Appellate Court of Connecticut

March 29, 2016

IN RE ELIJAH C. [*]

         Argued February 29, 2016.

          Petition by the Commissioner of Children and Families to terminate the respondents' parental rights as to their minor child, brought to the Superior Court in the judicial district of Windham, Child Protection Session at Willimantic, and tried to the court, Hon. Francis J. Foley III, judge trial referee; judgment terminating the respondents' parental rights, from which the respondent mother appealed to this court.

          SYLLABUS

         The respondent mother appealed to this court from the judgment of the trial court terminating her parental rights as to her minor child. The trial court made the statutory (§ 17a-112 [j]) findings by clear and convincing evidence that the Department of Children and Families had made reasonable efforts to reunify the minor child and the respondent, and that the respondent was unable to benefit from reunification services. On appeal, the respondent claimed that the trial court improperly determined that the department had made reasonable efforts to reunify her with the minor child because the department had curtailed services and filed a petition to terminate the respondent's parental rights less than one month after being ordered by the court to allow the respondent more time to benefit from services, and that the department had failed to provide services that would reasonably accommodate the respondent's intellectual disabilities. Held that the respondent's appeal from the judgment terminating her parental rights was moot, the respondent having failed to adequately challenge the trial court's finding that she was unable to benefit from the reunification services provided by the department; where, as here, a trial court finds both that the department made reasonable efforts at reunification and that the parent was unwilling or unable to benefit from the reunification services, either finding is an independent basis to terminate parental rights, and a review of the respondent's challenge to the trial court's finding that the department had made reasonable efforts at reunification could not have afforded her any practical relief.

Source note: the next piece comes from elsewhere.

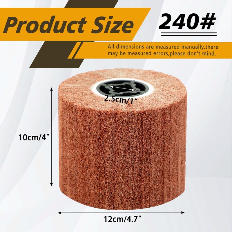 SALI Non Woven Wire Abrasive Drawing Polishing Burnishing Wheel Flap Brush Wire Brush Drum Surface Conditioning Tool for Metal Surface Polishing Grinding Removing Rust 120x100x19mm (240 Grit)

         Matthew C. Eagan, assigned counsel, with whom were James P. Sexton, assigned counsel, and, on the brief, Michael S. Taylor, assigned counsel, for the appellant (respondent mother).

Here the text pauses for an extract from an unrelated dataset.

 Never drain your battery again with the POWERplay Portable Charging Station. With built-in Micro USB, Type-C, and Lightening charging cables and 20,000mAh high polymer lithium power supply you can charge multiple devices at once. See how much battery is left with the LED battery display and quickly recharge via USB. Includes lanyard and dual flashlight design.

         Michael Besso, assistant attorney general, with whom, on the brief, were George Jepsen, attorney general, Gregory T. D'Auria, solicitor general, and Benjamin Zivyon, assistant attorney general, for the appellee (petitioner).

         DiPentima, C. J., and Beach and Flynn, Js. DiPENTIMA, C. J. In this opinion the other judges concurred.

          OPINION

          [164 Conn.App. 519] DiPENTIMA, C. J.

          The respondent mother, Marquita C.,[1] appeals from the judgment of the trial court terminating her parental rights as to her son, Elijah C. On appeal, she raises and analyzes three issues to argue that the court erred in determining that the Department of Children and Families (department) made reasonable efforts to reunify her with Elijah. Specifically, the respondent claims that (1) the department failed to provide federally mandated services to reasonably accommodate her intellectual disabilities, (2) the department failed to follow a court order to continue certain reunification services, and (3) the department must provide services that allow intellectually disabled parents a reasonable opportunity to retain custody of their children as part of reasonable efforts to reunify. We dismiss the appeal for lack of jurisdiction as it is moot.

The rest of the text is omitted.